C.2 Inserting Equations in Powerpoint Presentations

The two tools most commonly used for presenting talks – Microsoft Powerpoint and OpenOffice Impress – have no facility for importing text rendered in LaTeX into slides. This is a frustration for those who work in mathematical disciplines, where it is necessary for talks to include equations. More generally, it is a frustration for anyone who works in a field with notation which makes use of non-standard characters. Powerpoint does include its own Equation Editor, but its output is considerably less professional than that produced by LaTeX.
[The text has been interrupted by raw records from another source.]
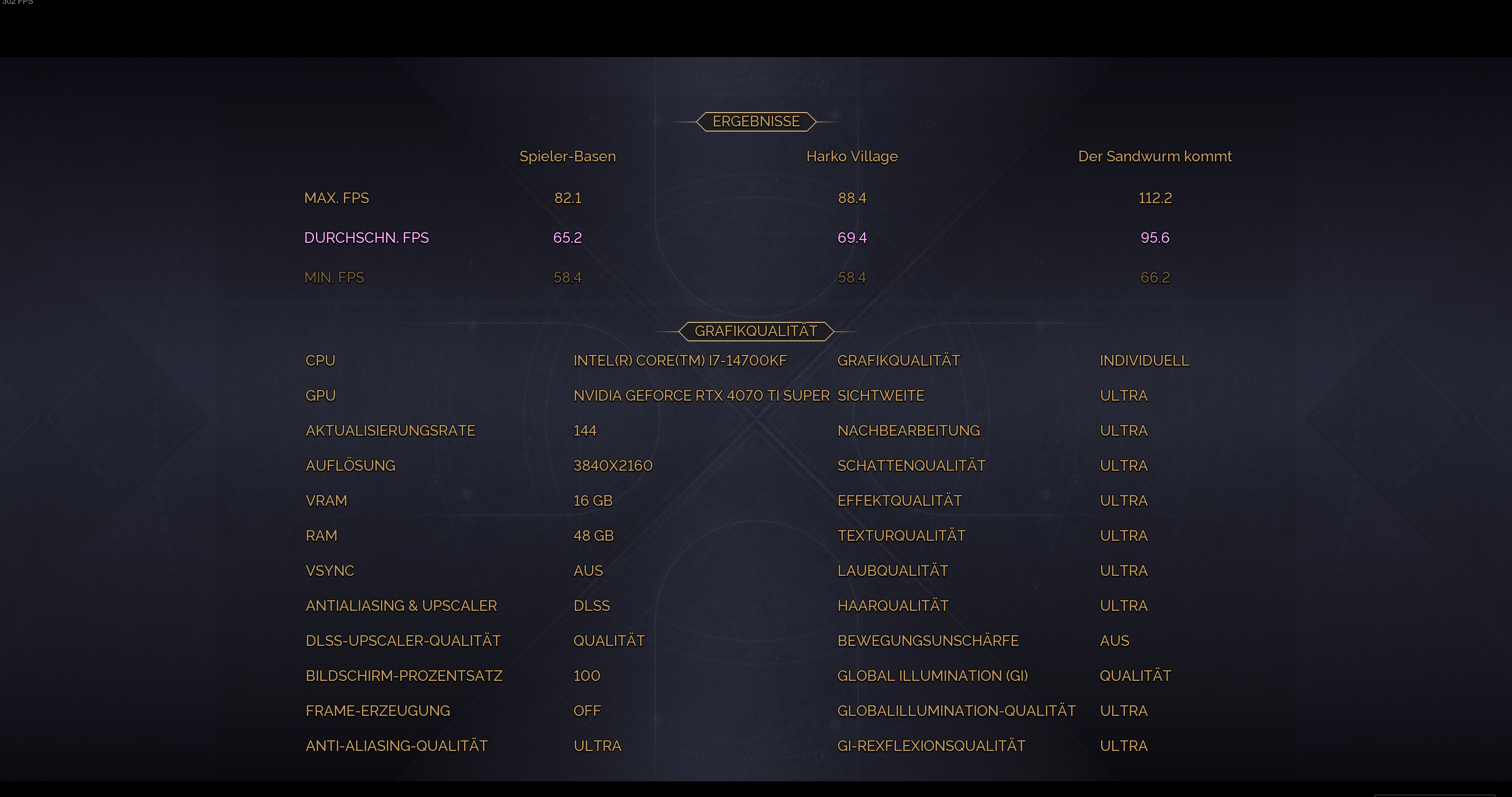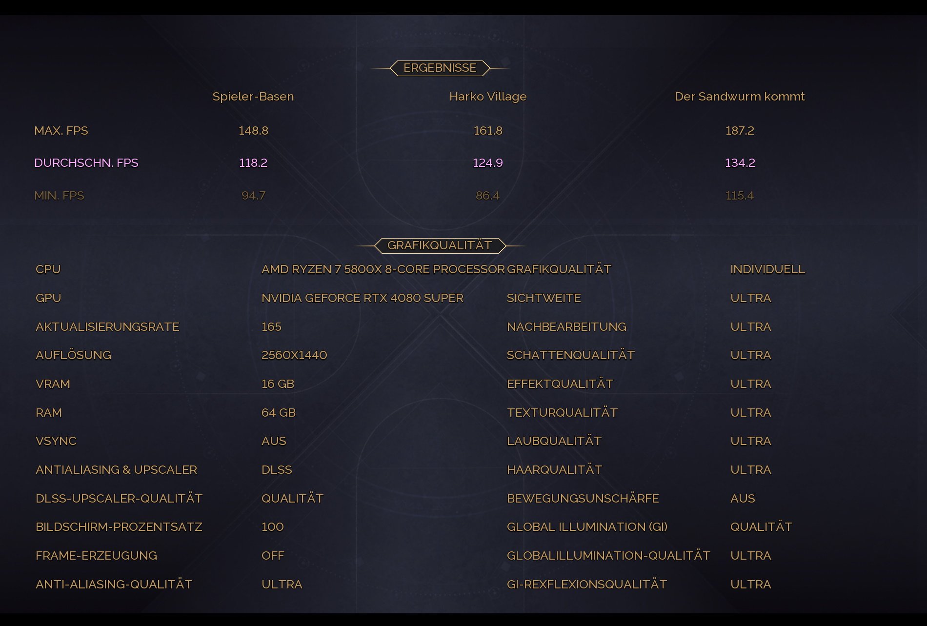 2.560 × 1.440, „Ultra“, DLSS/FSR Quality, FG Aus – AVG-FPS Spieler-Basen: 9,5
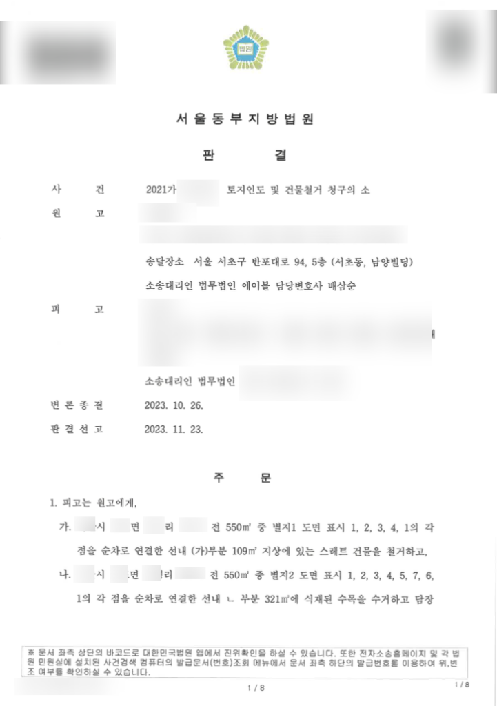 법무법인 에이블은 원고를 대리하여 피고가 무단 점유·사용 중인 토지 일부와 그 지상 시설물 철거를 요구하는 소송에서 전부 승소 판결을 이끌어낸 사례입니다. 이번 판결은 점유취득시효 주장에도 불구하고 소유권 보호가 가능함을 보여준 사례입니다.
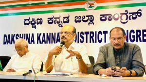 ಮಂಗಳೂರು: ಉದ್ಯೋಗ ಖಾತ್ರಿ ಯೋಜನೆಯಲ್ಲಿನ ಗಾಂಧಿ ಹೆಸರು ಕೈಬಿಟ್ಟಿದ್ದಕ್ಕೆ ದಕ್ಷಿಣ ಕನ್ನಡ ಜಿಲ್ಲಾ ಕಾಂಗ್ರೆಸ್ ನೂರು ಕಿಮೀ ದೂರ ಪಾದಯಾತ್ರೆ ನಡೆಸಲು ಮುಂದಾಗಿದೆ. ದಕ್ಷಿಣ ಕನ್ನಡ ಜಿಲ್ಲೆಯ ಗಡಿಭಾಗವಾದ ಸುಳ್ಯದ ಗಾಂಧಿ ಮೈದಾನದಿಂದ ಮೂಲ್ಕಿಯವರೆಗೆ ನಾಲ್ಕು ದಿನಗಳ ಕಾಲ ಪಾದಯಾತ್ರೆ ನಡೆಯಲಿದ್ದು ಕಾಂಗ್ರೆಸ್ ಹಿರಿ ಕಿರಿಯ ನಾಯಕರಲ್ಲದೆ ಸಾವಿರಾರು ಮಂದಿ ಕಾರ್ಯಕರ್ತರು ಪಾಲ್ಗೊಳ್ಳಲಿದ್ದಾರೆ ಎಂದು ಜಿಲ್ಲಾ ಕಾಂಗ್ರೆಸ್ ಅಧ್ಯಕ್ಷ ಹರೀಶ್ ಕುಮಾರ್ ಪತ್ರಿಕಾಗೋಷ್ಟಿಯಲ್ಲಿ ಮಾಹಿತಿ ನೀಡಿದರು.

It is possible to import graphic images into Powerpoint, but it cannot read images in postscript format, the format in which LaTeX produces its output.
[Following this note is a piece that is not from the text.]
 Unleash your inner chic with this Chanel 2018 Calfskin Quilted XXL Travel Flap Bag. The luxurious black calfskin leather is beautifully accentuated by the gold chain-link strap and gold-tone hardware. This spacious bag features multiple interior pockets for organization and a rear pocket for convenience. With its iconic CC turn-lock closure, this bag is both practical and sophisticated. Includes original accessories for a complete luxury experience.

PyXPlot’s gif and png terminals provide a fix for this problem, as the following example demonstrates:

set term transparent noantialias gif ; set dpi 300
set output 'equation.gif' ; set multiplot

# Render the Planck blackbody formula in LaTeX
set textcolour yellow
text '$B_\nu = \frac{8\pi h}{c^3} \
\frac{\nu^3}{\exp \left( h\nu / kT \right) -1 }$' at 0,0
text 'The Planck Blackbody Formula:' at 0 , 0.75

The result is a gif image of the desired equation, with yellow text on a transparent background. This can readily be imported into Powerpoint and re-scaled to the desired size.